My piece on The Conversation about the incompatibility of religion and science continues to be the most-read piece of the week on that site, having reached nearly 100,000 views and 655 comments. I can’t say I’m not chuffed, but of course most of the comments take issue with what I said. Well, that’s okay by me: at least they heard me.
And I continue to get a lot of private emails from believers and loons (there is substantial overlap). I’ll show two of them today. This one came from someone called “Nobody special”, who was anonymous but apparently a scientist. I didn’t realize that my piece had been republished in Newsweek, but sure enough it was, just yesterday.
Here you go. “Nobody Special”‘s comments are indented, and my responses are flush left:
War between Religion and Science?
Nobody Special
Dear Dr. Coyne,
I read your opinion piece in the Conversation and in Newsweek about whether there is a war between science and religion.
I believe you are correct when both disciplines are incorporating the “philosophies of men”. And not open to new ideas or other vantage points.
Truth is universal, whether found in science or religion it is the same. The key is what basic principles you accept at the starting point. In science we accept basic truths about our external world, then we learn and test externally to see what hypothesis are true. Do you accept basic truths about the spiritual world, then learn and test internally to see what creeds of religion are true? No you do not.
Science accepts that this existence is real and what you see, touch, smell, and hear are real. There are truths in science that can’t be proved, but are accepted by faith (without proof), because we need a starting point. Yet many people experience dreams that are so real that they don’t know they are dreams until the wake up. This questions existence. You think, therefore you are. But you cannot prove to me that you think, you can only prove it to yourself. Sounds like religion. You can prove that you have brain waves that appear similar to mine when we each think of green, but there are still differences and you cannot prove that your experience of green is the same as mine.

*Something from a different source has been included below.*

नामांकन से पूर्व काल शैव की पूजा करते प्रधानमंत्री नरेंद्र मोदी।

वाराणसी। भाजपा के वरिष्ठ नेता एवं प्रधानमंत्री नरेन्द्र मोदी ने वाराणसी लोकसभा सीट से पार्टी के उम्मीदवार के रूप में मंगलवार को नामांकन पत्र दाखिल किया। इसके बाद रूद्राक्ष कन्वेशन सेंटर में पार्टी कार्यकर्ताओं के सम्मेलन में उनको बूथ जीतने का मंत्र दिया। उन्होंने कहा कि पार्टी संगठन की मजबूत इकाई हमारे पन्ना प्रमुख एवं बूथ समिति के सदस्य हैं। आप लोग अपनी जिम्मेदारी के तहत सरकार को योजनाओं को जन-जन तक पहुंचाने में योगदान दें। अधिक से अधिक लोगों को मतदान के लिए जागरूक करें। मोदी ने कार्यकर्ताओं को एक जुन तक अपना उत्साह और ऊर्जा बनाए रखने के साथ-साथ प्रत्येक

No, those are philosophical questions, not religious ones, and they don’t go any distance towards proving the existence of God. And, of course, someday we may be able to see what other people’s subjective experiences are like, though we already have some clues from their behavior. It is, after all, empirical study and not the Bible that revealed that color blind people see differently from the rest of us.

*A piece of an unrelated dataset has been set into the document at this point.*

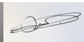
François PAUWELS Signature simple 22/12/2022 10:55:40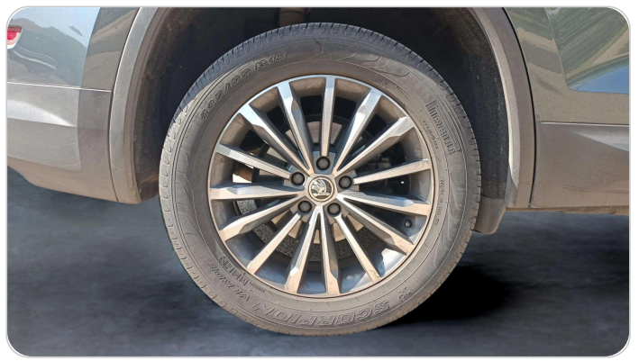
RR R TIRE

Thus faith is required by you that your perception of green is correct. Yet we know this is not true for everyone. Color blind people do not see what you see, and vice versa. This experience we call life is very subjective, not objective. Science tries to remove much of the subjectivity, which is good, but it is never fully successful at the task.
I’m not sure that you can say “my perception of green is correct”. If 95% the world were blue-green color blind, it would be abnormal, but given that our perceptions are evolved, I’m not sure you can say that my perception of green is “correct” any more than you can say that a gay person’s romantic feelings towards of a person of their own sex is “incorrect”.

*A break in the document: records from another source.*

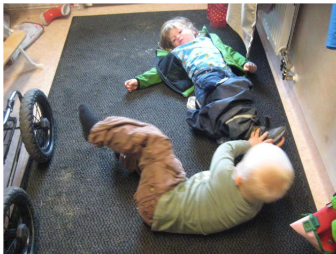
Man kan hjälpa varandra...

värden under nästa läsår. Hittills har vi använt oss av "Tilda med is och sol" och "Vännerna i konungaskogen" men vi tittar också på lite nya material för att få nya infallsvinklar. Dessutom ska vi bli bättre på att utforma likabehandlingsplanen tillsammans med barnen och uppdatera handlingsplanen inför varje läsår.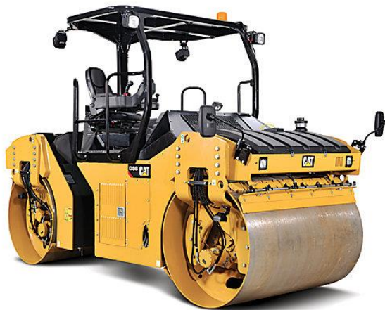
Slika 2.7. Valjak CB54B-Split Drum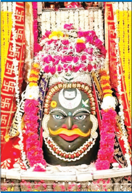
ज्योतिर्लिंग महाकालेश्वर का मंगलवार को आकर्षक श्रृंगार किया गया।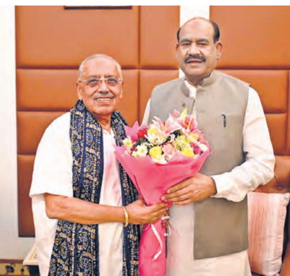
डॉ. जगदीश चंद्र ने सोमवार को नई दिल्ली स्थित लोकसभा अध्यक्ष आवास पर लोकसभा अध्यक्ष ओम बिरला से शिष्टाचार भेंट की।

Does this make a color blind person’s experience of the world untrue? No, he has a different vantage point.
There are spirituality blind people also. And we know for a fact that what I experience when I seek the divine is not what you experience when you seek the divine.
Does this make one of our experiences untrue? No, we have a different vantage points.
Like the color blind person can’t see green normally. You, a spiritually blind person, cannot see the divine normally.
Okay, so HOW do you see the divine “normally”? Do Muslims see it normally? How about Scientologists, or Hindus? This person somehow is deluded into thinking that there are ways to judge the divine that are objectively “true.” The impossibility of that was my whole point.
So how did you get to your vantage point on Evolution? (Which by the way I believe is one of God’s methods of eternal progression.)
Thanks. Is that a truth?
You got there with much study, learned from masters, and tested the hypothesis for yourself. If I an unlearned evolutionist were to try to explain and criticize evolution, I would likely make many grave errors in my explanation and criticism. We scientists see this all the time in the “Divine Design” movement.
Is it not true that you an unlearned spiritualist will make grave errors and false understandings about faith and religion as you did in your hatchet piece?
It has taken me my life studying science to get to my current level of proficiency in my chosen field. It has also taken a lifetime of study, testing faith, seeking, and questioning God to get to my current level of spiritual proficiency.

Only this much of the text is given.